I remember during the final run to completing my senior thesis—a complex mathematical model of the synthetic covers of toxic waste landfills—seeing 17 consecutive sunrises from the window of the interactive computer graphics lab in the Engineering Quad. I remember final exams that semester living as an outpatient in the McCosh Health Center because I could only study in an infirmary bed.
These horrific memories are worth more to me than all the BOTOX and liposuction in the world. These four years were the closest I would ever come to being a marine. It’s not that I’m glad I was stripped down to nothing and had to rebuild my psyche from scratch. It’s that I cannot imagine who or what I would be today without it—both for better and for worse. Dorothy Parker once said about her vocation, “I hate writing, I love having written.” It’s much that way with me and my Ivy League fiasco of decades ago. It would have been better to validate myself through more graceful learning in a kinder, gentler setting. But how I actually validated myself—through survival under constant external and internal siege—is today my DNA.
And now you come along with your unearned, unredeemed millions pimping your hapless chameleon children to colleges sweating out their endowment quarterlies and US News & World Report rankings while worshipers are shot to death in New Zealand.
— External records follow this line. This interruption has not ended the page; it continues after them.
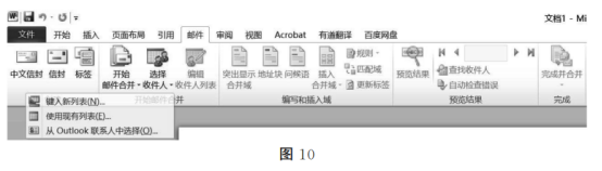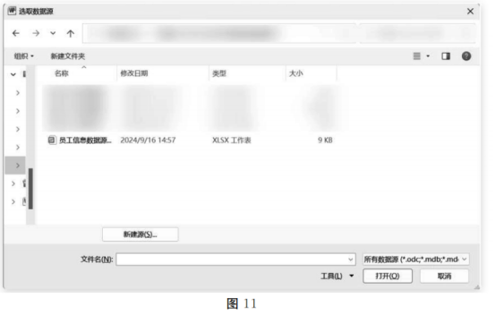 (1)首先准备好员工工资信息数据源→依次单击如图10所示菜单中的“邮件”→“选择收件人”按钮→“①”命令→弹出如图11所示对话框→选择员工信息数据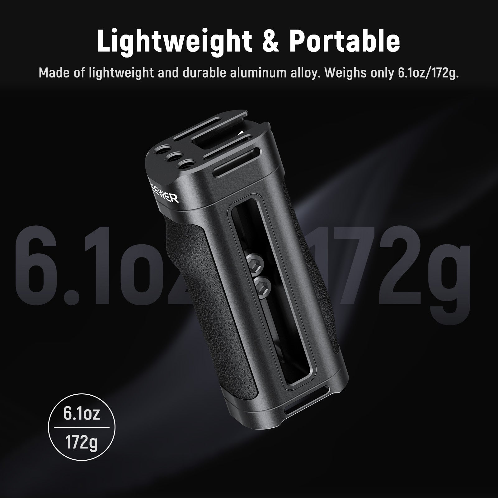 - Ergonomic Contoured Handle- Made of ABS, PC, and aluminum alloy, this camera side handgrip is durable but lightweight. The contoured nonslip silicone handle gives you a comfortable and firm grip for outdoor recording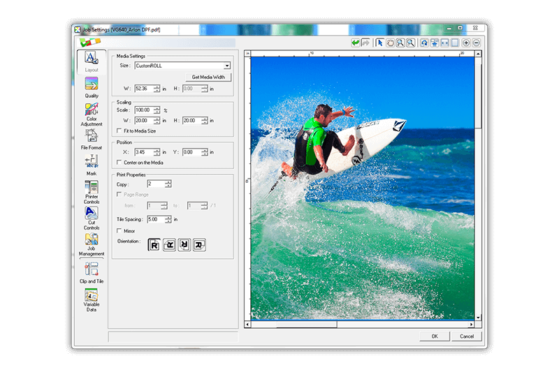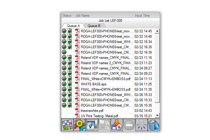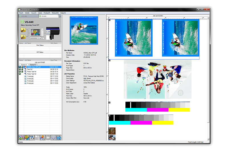 VersaWorks Dual专为轻松打印生产而设计,拥有简单的拖放界面,可让用户直接从桌面文件夹向打印队列快速添加作业。点击用户友好图标打开打印机设置,作业预览和其他功能,实现快速,高效的文件设置。
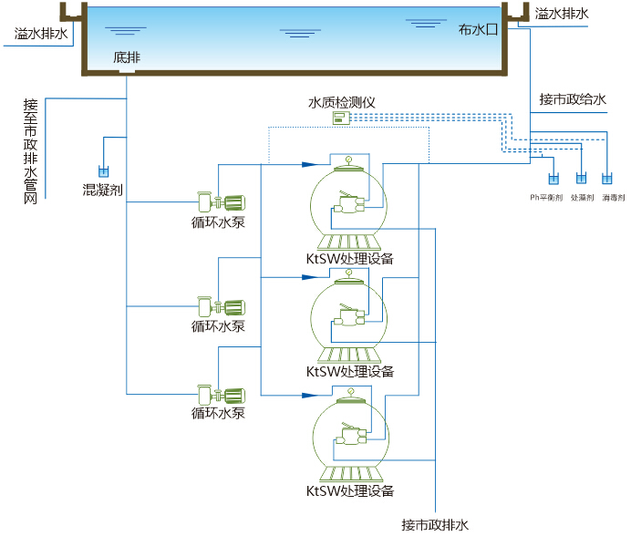 游泳池池水的循環(huán)過濾消毒就是其水處理工藝流程,游泳池池水處理的特點(diǎn)是循環(huán)過濾,其設(shè)計(jì)要點(diǎn)是循環(huán)水流量和循環(huán)周期問題,還有給水口、回水口的分布以使均勻布水問題,死水區(qū)和短流的問題。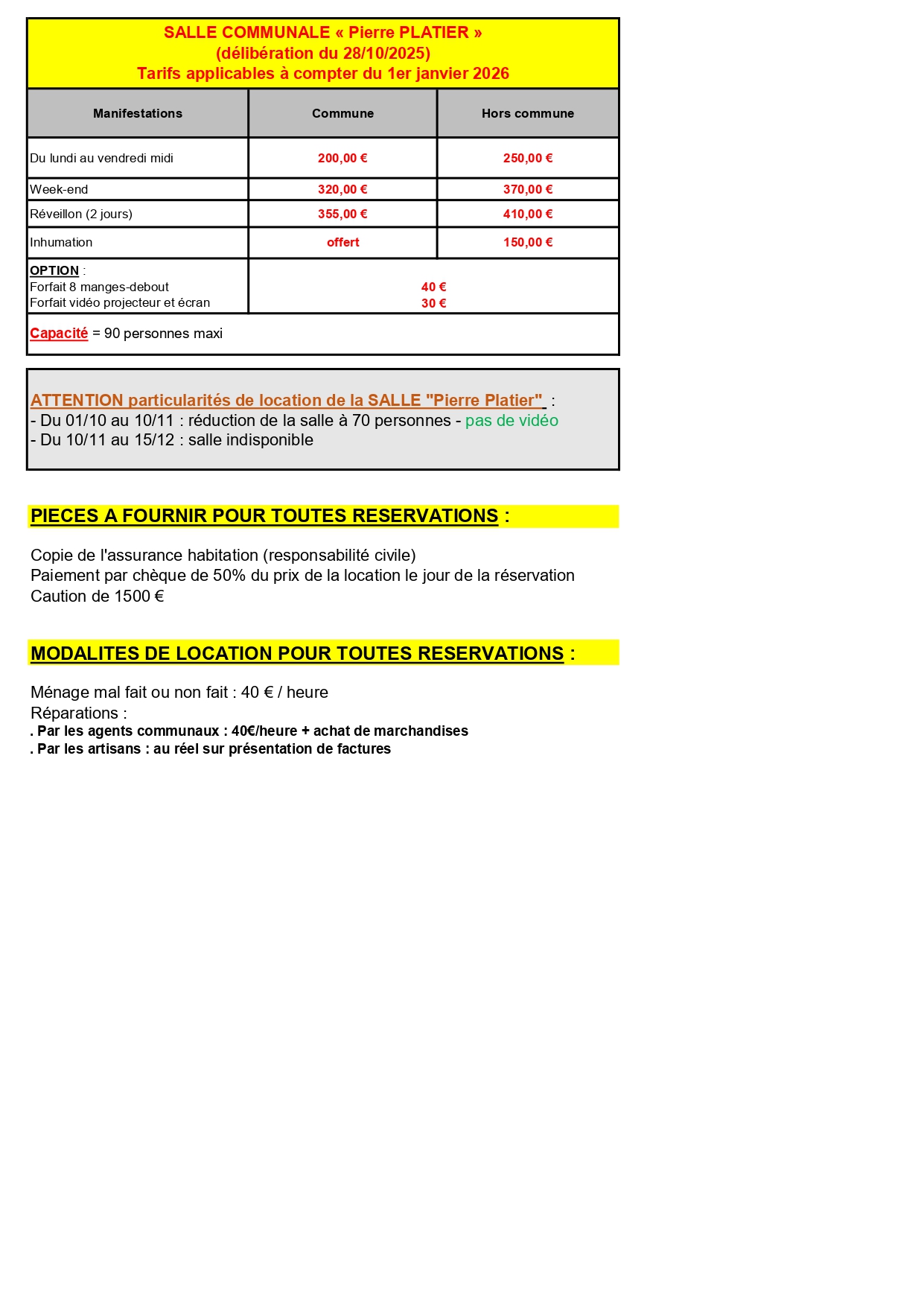 La salle est fermée de mi-novembre à mi-décembre pour les représentations théâtrales de la commune.

For helping to make a mockery of what little is left of the American meritocracy, you are roundly despised by the downtrodden of this nation, who brainstorm nightly on what a suitable punishment might actually look like. Prison, massive fines, lawsuits, banishment from the entertainment industry, forced scholarship donations for the financially challenged, endless mockery on late night talk shows, even blood.
None of that will satisfy me. It’s not some sort of ill-defined petty vengeance I seek in return for invalidating my singular defining life experience. Rather, I want for you what you pretended to want for your children—an education. I want you to go from reading pilot scripts to reading Chomsky. I want you to go from using shopping apps to writing their code. I want you to go from checking your curves in the mirror to calculating the surface area of a double helix. And I want you to do it surrounded by hundreds of people much brighter than you and seemingly more capable and motivated. Then, and only then, will we be even.